Chemotherapy is intended to destroy all trace of cancer cells and prevent metastasis.
The MammaPrint test is suitable for patients with stage 1 or 2 of cancer, with an invasive tumor under 5 centimeters large.
Recurrence risk assessment methods
In the past, recurrence risk assessment was based on various pathological and clinical criteria, such as the size and type of tumor, the condition of the lymph nodes, the patient’s age and hormone receptor status.
Combining these criteria provided a rough estimate of the risk for recurrence, which helped determine adjuvant therapy.
The MammaPrint test is a breakthrough in recurrence risk assessment in early-stage breast cancer patients after surgery. This test genetically screens cancer cells removed from the breast tissue.
The test analyzes 70 different genes associated with breast cancer recurrence and metastasis.
Results help physicians assess the risk for recurrence more accurately and prevent unnecessary suffering resulting from chemotherapy.

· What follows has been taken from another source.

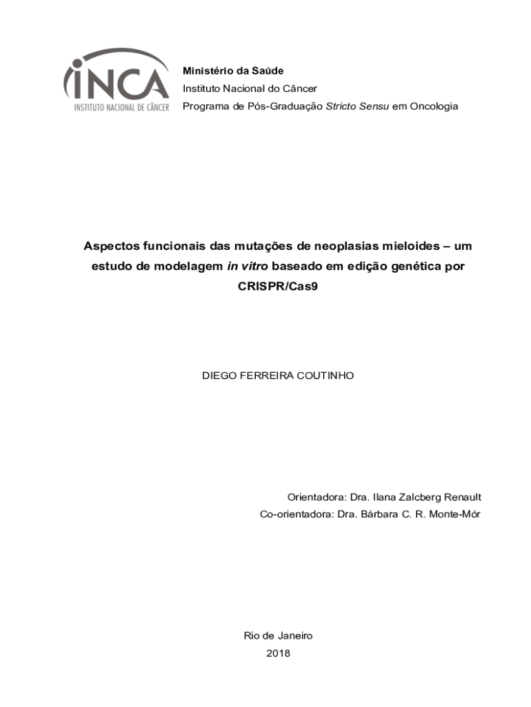 Tese de doutorado apresentada ao Programa de Pós-Graduação Stricto Sensu em Oncologia do Instituto Nacional do Câncer. A pesquisa investiga as mutações em neoplasias mieloides e suas implicações

This test can also detect a need for adjuvant chemotherapy in women who do not meet classic criteria for high-risk recurrence. For instance, according to histological criteria, chemotherapy is usually not recommended to patients with a tumor smaller than 5 centimeters and no involvement of the lymph nodes. In these cases, the MammaPrint test may help detect a high risk of metastasis and indicate the need for adjuvant therapy.

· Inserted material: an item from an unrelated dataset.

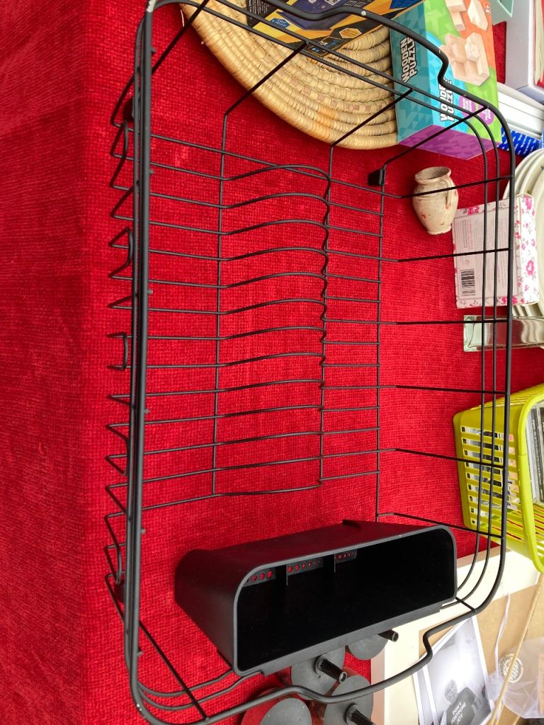 Black metal draining rack with cutlery holder. Brand new. Very slight chip as it fell off the table!

Test results are obtained dichotomously and classify subjects into two groups by reporting either “high risk” or “low risk”.
This contrasts with another genomic test called “Oncotype” that provides a graded scale of risk broken into three groups: low, intermediate, or high risk.
While Oncotype is only relevant to women with cancer that is estrogen receptor-positive, MammaPrint is suitable for women regardless of their estrogen-receptor status. Around 20% of breast cancer cases are estrogen receptor negative.
The MammaPrint test can assess the risk for recurrence within ten years after surgery.
How is the test performed?
The test is performed on a cancer tissue sample that was removed during surgery. The sample is sent to a laboratory that analyzes whether the sample contains enough cancer cells for conducting the MammaPrint test. If the sample proves suitable it is screened using a DNA microarray that tests the genes relevant to metastasis.